Provided data:
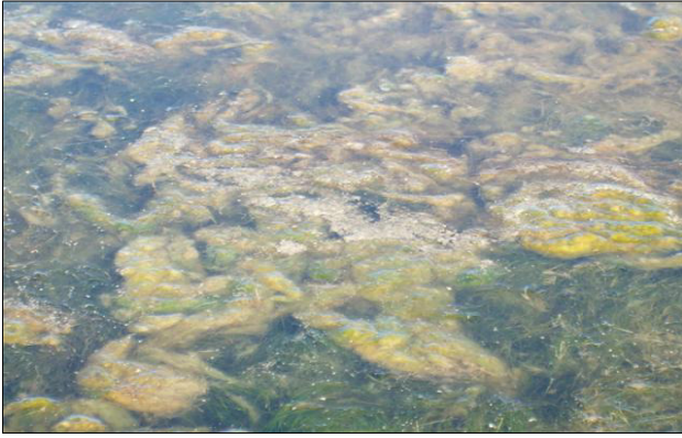
Algas filamentosas presentes en el lago
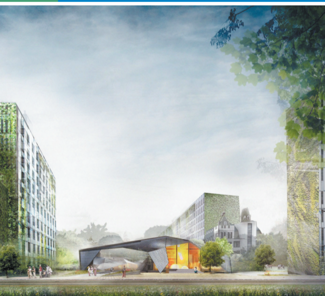
9 Пешеходный бульвар на Пушкинской улице в микрорайоне Юбилейный

Благоустройство центра микрорайона Юбилейный потребует новый облик расположенных здесь зданий — облицовку их фасадов современными материалами, использование первых этажей для торговли, кафе и обслуживания горожан.
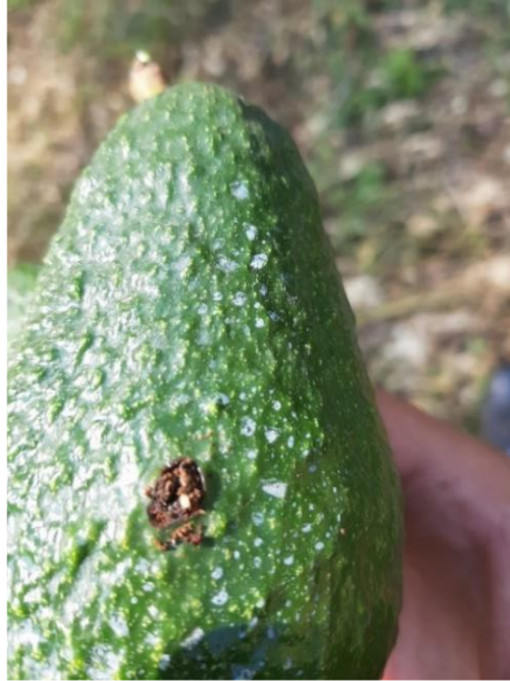
Figura 3. Oviposición de Helipus lauri en huerto comercial en Ixtapan del Oro, Edo Mex.

Con base en la experiencia del equipo de control de focos de infestación en la zona, realizar una aplicación inicial de malatión y hongos entomopatógenos antes de retirar la fruta infestada genera mejores resultados, pues de esta forma al estar el adulto expuesto se tiene mayor eficiencia de control. Para ello en el muestreo de identificación y alcance de daños fue necesario no hacer mucho movimiento de la fruta y el árbol, pues es común que esta plaga al sentir movimientos anormales en su entorno se deje caer al suelo como mecanismo de adaptación, lo anterior con el objetivo de que la aplicación de insecticidas surta un mayor efecto y el adulto se encuentre en el árbol al momento de la aplicación. En la siguiente visita a los 15 días de haber aplicado el primer control químico y biológico, se muestreó nuevamente el huerto para validar si las afectaciones por barrenador continuaron, posterior se retiró la fruta dañada y nuevamente se realizó aplicación de producto químico y biológico. Para continuar con los monitoreos posteriores conforme lo indica el manual.
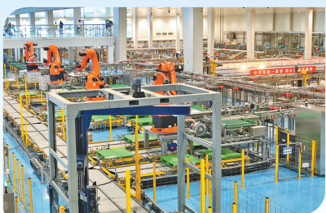
在伊利现代智慧健康谷,各条生产线正在高速运转。作为奶业绿色发展的引领者,伊利始终秉持“绿色领导力”理念,打造“绿色产业链”,自治区内多家工厂被评为绿色工厂。
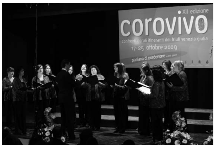
Gruppo vocale femminile Jezero
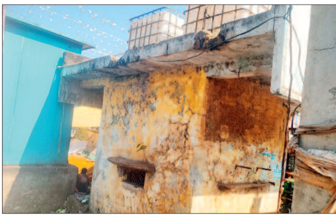
24 घंटे में 2000 लीटर पानी बर्बाद

नगर में निजी बोर खनन की संख्या में बेतहाशा वृद्धि हुई है। वर्तमान में लगभग 30 प्रतिशत से अधिक घरों में निजी बोर हैं। गर्मियों में पानी के अत्यधिक दोहन के कारण कुएँ अभी से सूखने लगे हैं। लोग अपनी जरूरत लायक पानी मरने के बाद हजारों लीटर पानी यूँ ही बहा देते हैं। यही आलम रहा तो आने वाले एक महीने के भीतर निकस के सफरती बोर फेल हो जाएंगे और नगर बूढ़-बूढ़ पानी के लिए त्राहि-त्राहि करने मजबूर होगा।
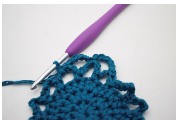
19. In questo modo.
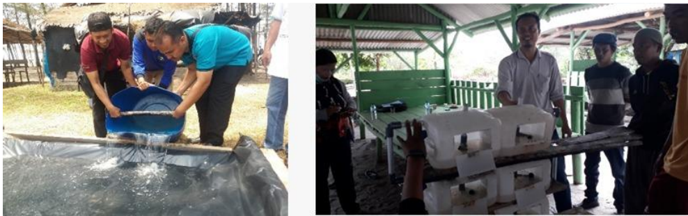
Gambar 1. Atraksi wisata pembuatan garam dan apartemen kepinging Bangka

konservasi, serta meningkatkan kesejahteraan masyarakat lokal melalui partisipasi mereka dalam industri pariwisata. Pengelolaan yang baik dan regulasi yang tepat harus diterapkan untuk menjaga kelestarian sumber daya perairan, mencegah kerusakan lingkungan, dan memastikan manfaat jangka panjang bagi destinasi dan masyarakat setempat. Potensi atraksi wisata berbasis sumberdaya perairan secara berkelanjutan dapat dikaji dan diperkenalkan kepada wisatawan mulai dari atraksi yang sudah umum maupun atraksi baru. Berbagai atraksi ini menjadi sumber pendapatan bagi pengelola destinasi pariwisata.
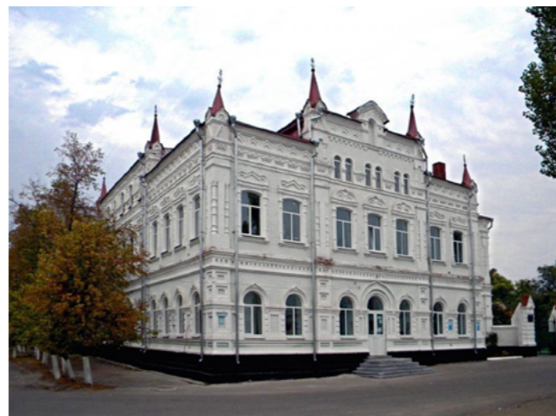
г. Павловск. Бывшее здание Павловского духовного училища. Ныне – Павловский аграрный техникум.

понятию «любовь» первоначальный, Божественный смысл. Описывая Гадаринское чудо, Сильченков с удивительной психологической точностью передал потрясение язычников от испытания их в «деле любви» к ближнему.
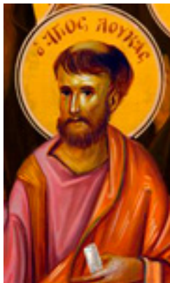
Άγιος Λουκάς ο Ευαγγελιστής
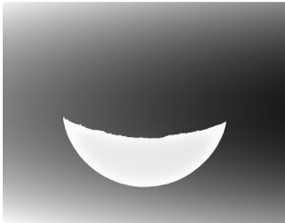
図2 月食の二値化画像

地球の影の中の明るさは、地球の大気の影響で緩やかに変化している。このため、上記の図1の作図法で月までの距離を測定するとき、地球の影の境界の位置の取り方で、月までの距離に大きな不定性が出てしまう。このため、月食の画像を二値化することで月の弧や地球の影の境界を任意に抽出するプログラムを作ることで、地球の影の様子を調べることにした。二値化とは、画像の輝度を閾値で分けて白と黒に変換する画像処理のことである。図2は、二値化した画像から、月の弧となる部分と地球の影の境界の弧となる部分の抽出した画像である。
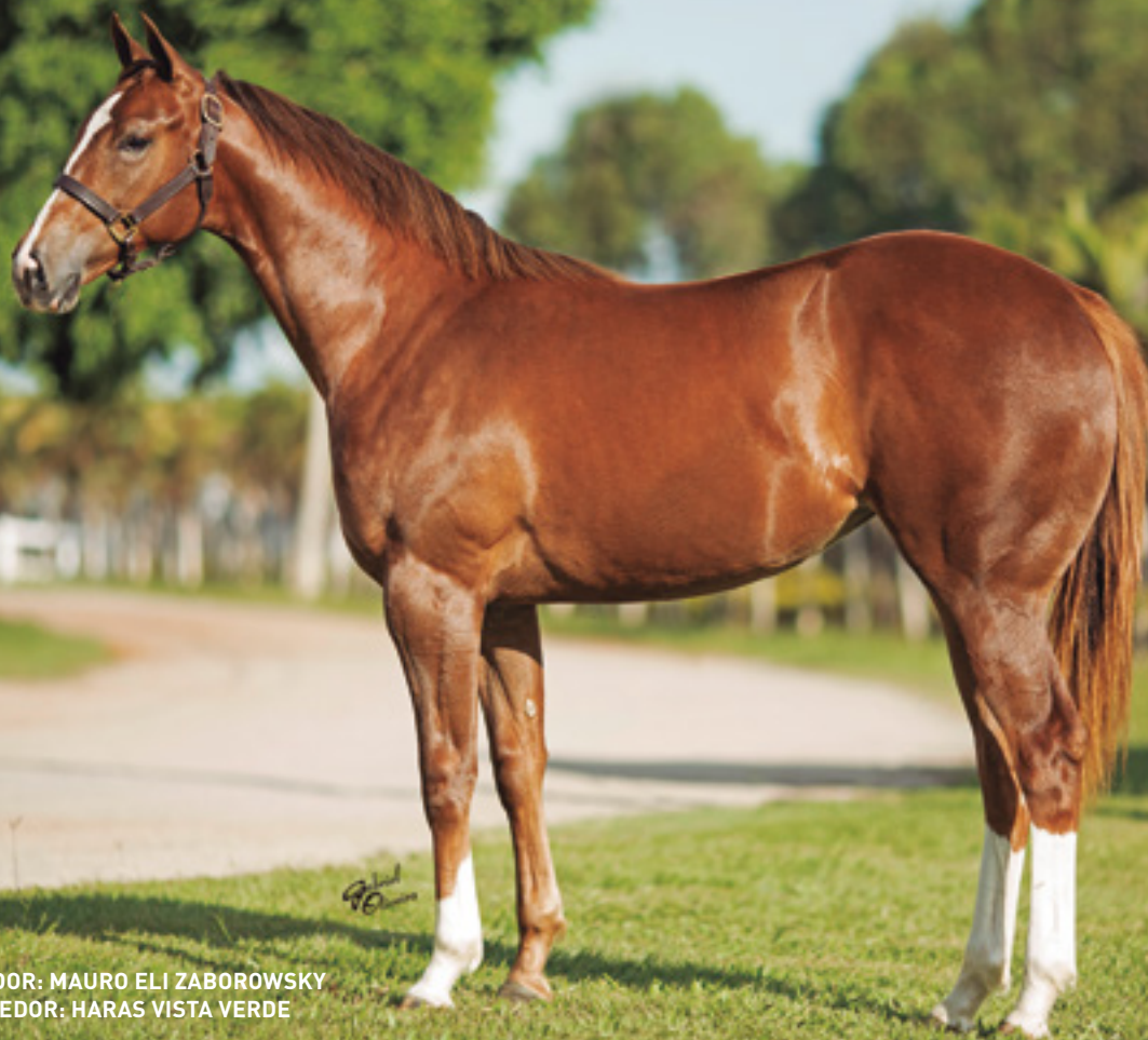
CRIADOR: MAURO ELI ZABOROWSKY VENDEDOR: HARAS VISTA VERDE

SUA MÃE ACIDENTOU-SE QUANDO VINHA NA FRENTE DO GP RAINHA DA VELOCIDADE. IRMÃ MATERNA DE VENUS VISTA AAAT 102, FILHA DE SUMMER TOLL- TRÍPLICE COROADA, MÃE DE BRASILIA TOLL AAAT, FORTALEZA TOLL AAAT.

Assignment: Only the last part of the entries above is needed: please copy the line with "CRIADOR: MAURO ELI" and each line after it exactly.

Answer for this exercise:
CRIADOR: MAURO ELI ZABOROWSKY VENDEDOR: HARAS VISTA VERDE

SUA MÃE ACIDENTOU-SE QUANDO VINHA NA FRENTE DO GP RAINHA DA VELOCIDADE. IRMÃ MATERNA DE VENUS VISTA AAAT 102, FILHA DE SUMMER TOLL- TRÍPLICE COROADA, MÃE DE BRASILIA TOLL AAAT, FORTALEZA TOLL AAAT.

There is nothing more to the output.